McGwin was present at the Battle of New Orleans where he tended to the men as chaplain. It was later claimed by a Jackson-enthusiast Natchez newspaper that he commanded between 1,200 and 1,400 men at the battle, equivalent to a brigade. A rustic yarn told about the reverend is that "When a quartermaster sneered at the chaplain's black coat, Gwin took it off and thrashed the scoffer into a respectful mood. Then pulling on his coat, he knelt and prayed just as vigorously for the quartermaster's salvation."

In 1829 he had a ministry in Nashville to the enslaved. Around 1830, James Gwin, and his sons Samuel Gwin, William M. Gwin, and Alexander Gwin all purchased tracts of land in what was soon organized as Issaquena County, Mississippi. In 1838 James Gwin was appointed to the Methodist conference at Vicksburg, Mississippi, and Andrew Jackson visited with him there in 1840 on his Battle of New Orleans 25th-anniversary celebration trip.

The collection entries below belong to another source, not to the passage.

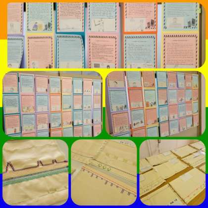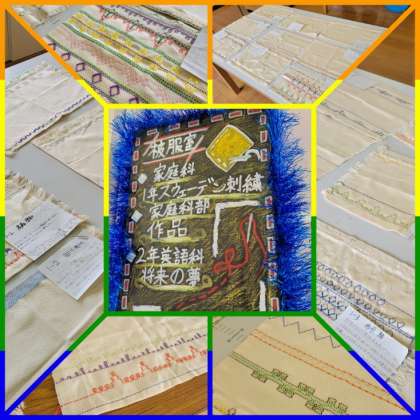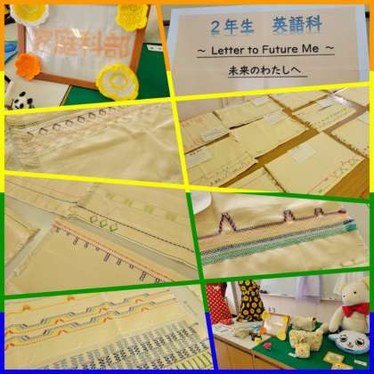 被服室では、美術部を始め、家庭科授業で作成されたスウェーデン刺しゅう、英語科授業で作成された『letter future to me』が展示されていました。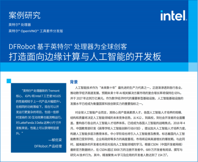 跟着各类立异手艺取使用场景的呈现和普及,其CPU机能比上一代产物提高了2倍,DFRobot取英特尔结合发布《DFRobot基于英特尔 处置器为全球创客打制面向边缘计较取人工智能的开辟板》。支撑更普遍的软件生态。建立了一个、和富于创制力的交换空间。GPU机能提高了3倍。供给高速计较能力和流利的运转体验,相较于CPU可以或许显著提高推理速度,支撑紧凑的硬件设想及更长的续航时间!受益于N5105充实提拔的CPU机能取AI推理能力,供给丰硕的GPIO接口。DFRobot将持续深化取英特尔的合做,正逐步渗入到各行各业,可以或许满脚曲播行业的需求。是全球领先的处置开源硬件、机械人产物和科创教育的高科技企业,建立多条理教育系统,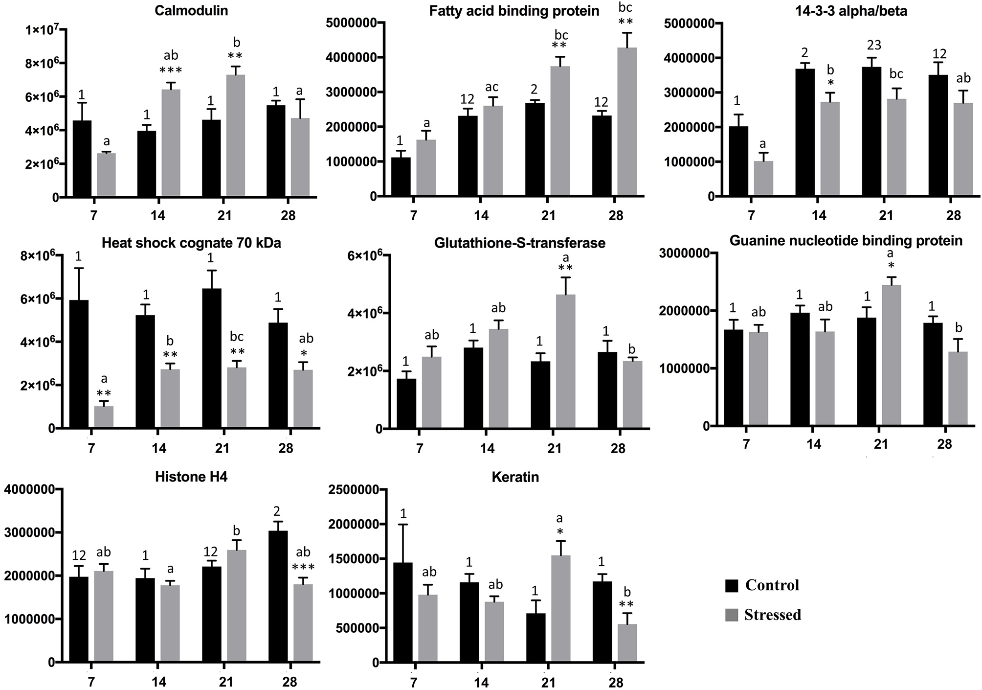 Protein spot intensities of identified proteins in control and stressed group. Protein spot intensities given by PDQuest (Y-axis) during the course of the experiment measured on day 7, 14, 21, and 28 (X-axis). Error bar shows error of mean (p < 0.05, n = 6). Letters signifies the difference in expression between the stressed group and number signifies the difference in expression between the control group along the course of experiment at different time points (One way Annova and Tukey HSD post hoc analysis; Kruskal Walli’s test and Dunn’s test for nonparametric data). The same number/letters shows no difference and different number/letters indicates a difference. Asterisk shows the comparison between the control and stressed fish at each time point (unpaired t-test for data that showed normal distribution and Mann Whitney U test for data that did not show normal distribution).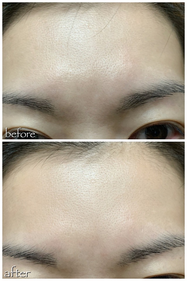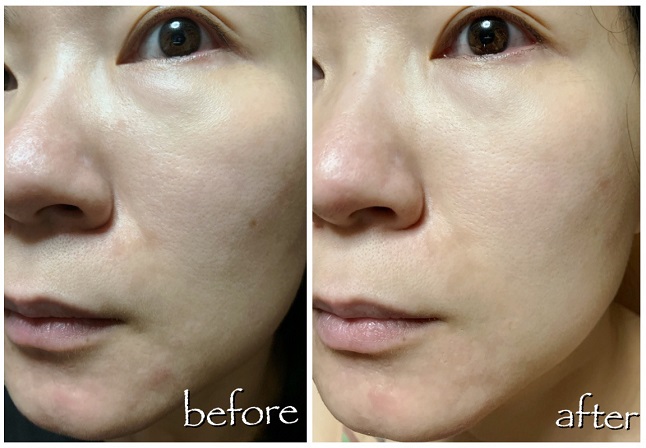 其實療程後第二天已經感到療程效果了,面部膚色均勻有明亮感,加上毛孔、細紋、瑕疵等都減淡了不少,所以只需使用比平日更少量的粉底,重點遮掉痘印已經能使全面膚色均勻。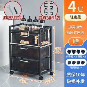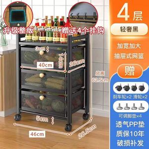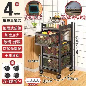キッチン引き出し型収納ラック、果物や野菜のスナックを収納できる多機能収納ラック、多層電子レンジラック、収納バスケット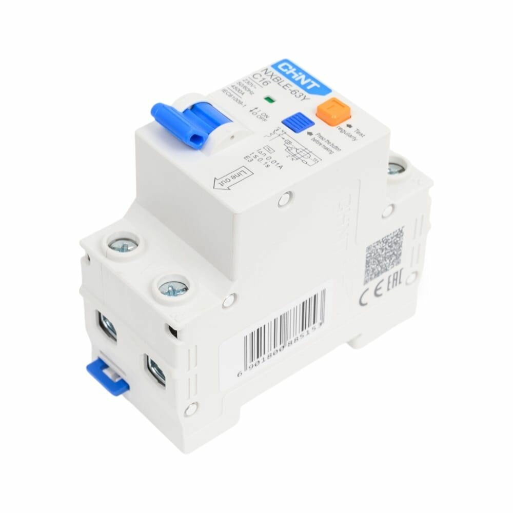 Автоматические выключатели дифференциального тока (АВДТ) серии NXBLE-63Y предназначены для применения в сетях переменного тока напряжением до 400 В частотой 50/60 Гц с номинальным током до 63 А для нечастых включений и отключений нагрузок, а также защиты от перегрузки, короткого замыкания, поражения электрическим током при косвенных прикосновениях и возгораний по причине утечки тока в электроустановках жилых, общественных и промышленных зданий. Необходимо проверять работоспособность АВДТ серии NXBLE-63Y нажатием на кнопку «Тест» не реже 1 раза в месяц. Основные характеристики: Номинальный ток – от 6 А до 63 А Исполнение по числу полюсов – 1P+N Тип характеристики мгновенного срабатывания – С, D Отключающая способность – до 4500 А Ном. отключающий дифференциальный ток – 10 мA; 30 мA Тип АВДТ – AC Конструктив устройства – электронный Механическая износостойкость – 20000 циклов В/О Электрическая износостойкость – 10000 циклов В/О Степень загрязнения – 2 Степень защиты – IP20 Монтаж – на симметричную DIN-рейку 35 мм Подключение нагрузки – снизу Сигнализация – окошко индикации положения главных контактов АВДТ серии NXBLE-63Y дополнительно могут оснащаться следующими устройствами: - вспомогательный контакт состояния AX-X1; - сигнальный контакт аварийного срабатывания AL-X1; - независимый расцепитель SHT-X1 или расцепитель минимального/максимального напряжения (OUVT-X1; UVT-X1; OVT-X1).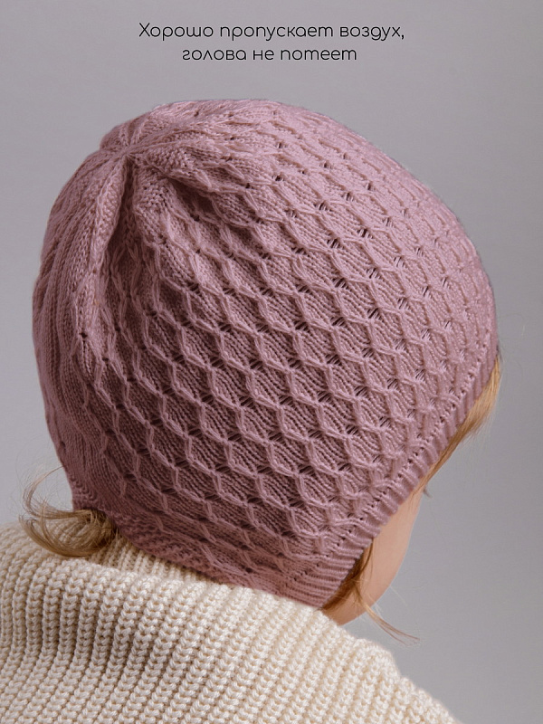 Шапочка вязаная AmaroBaby Berry демисезонная ЧЗ пудровый 38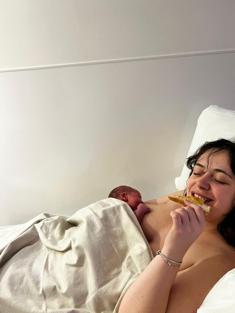 I gave birth in the Birth Centre in St Mary’s which I would recommend to anyone who wants a midwife led labour. The active phase of labour was as I’d expected, I had gas and air and was in the pool for the majority of the active labour as planned and I was able to use my hypnobirthing techniques to keep calm and motivate myself through the contractions. We used the template birth plan from HPHB before the birth so that my partner was able to confidently advocate for me should I need it.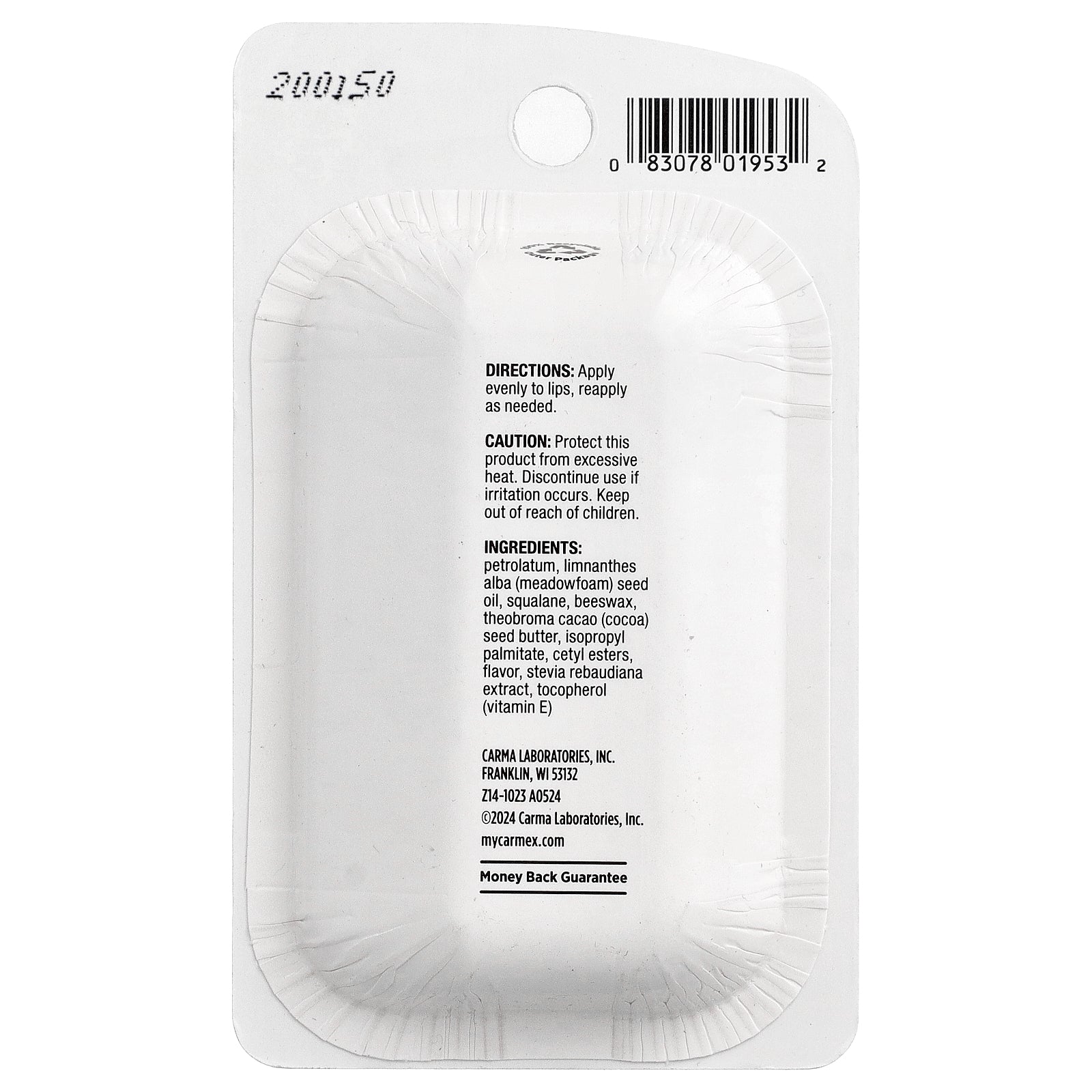 Petrolatum, limnanthes alba (meadowfoam) seed oil, squalane, beeswax, theobroma cacao (cocoa) seed butter, isopropyl palmitate, cetyl esters, flavor, stevia rebaudiana extract, tocopherol (vitamin E).
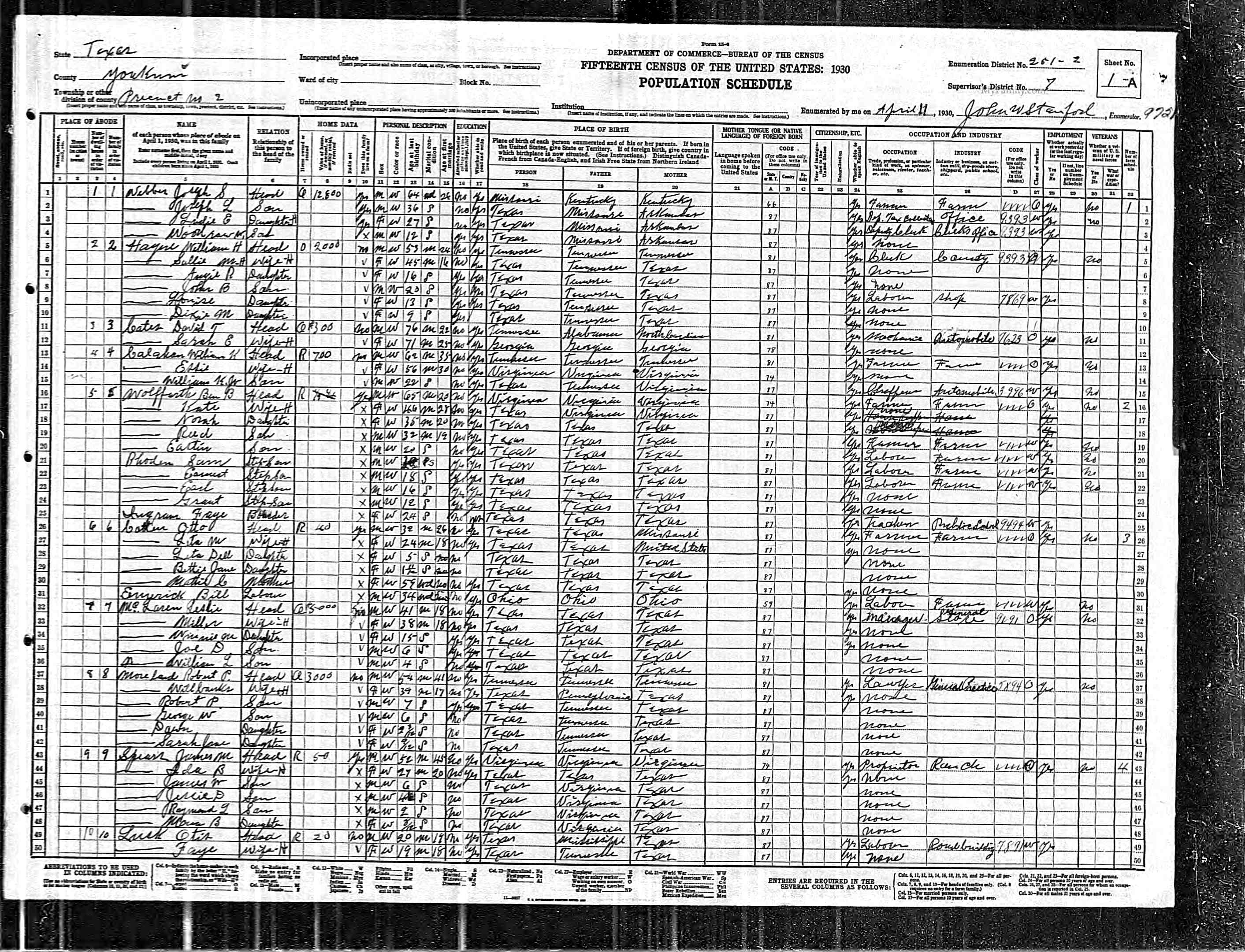 1930 United States Federal Census > Texas > Yoakum > Precinct 2 > District 2 > Line 15

According to the "California correspondent for the New Orleans True Delta" in 1850, "...the Rev. James Gwin, was for several years attached to Gen. Jackson's suite...Jackson was devotedly attached to him, and it is well known, that whenever he desired to reach the public ear, it was his wont to express his views or complain of his grievances in letters addressed to his favorite chaplain." One such case was an 1835 letter signaling that he favored Martin Van Buren over Hugh Lawson White to be his successor. Gwin died in 1841, at the Buena Vista plantation owned by his grandson-in-law Basil Kiger. Gwin has a grave marker at Cedar Hill Cemetery in Vicksburg, Mississippi.

== Family ==
His wife was Mary Adair McAdams.

One of his sons was William McKendree Gwin, eventually a U.S. Senator for California. Dr. W. M. Gwin also played an important role in Jackson's communications with Sam Houston regarding the establishment of Texas. His other children were Alexander Gwin, and Samuel Gwin, and a daughter who married Basil Kiger and lived on a plantation north of Vicksburg.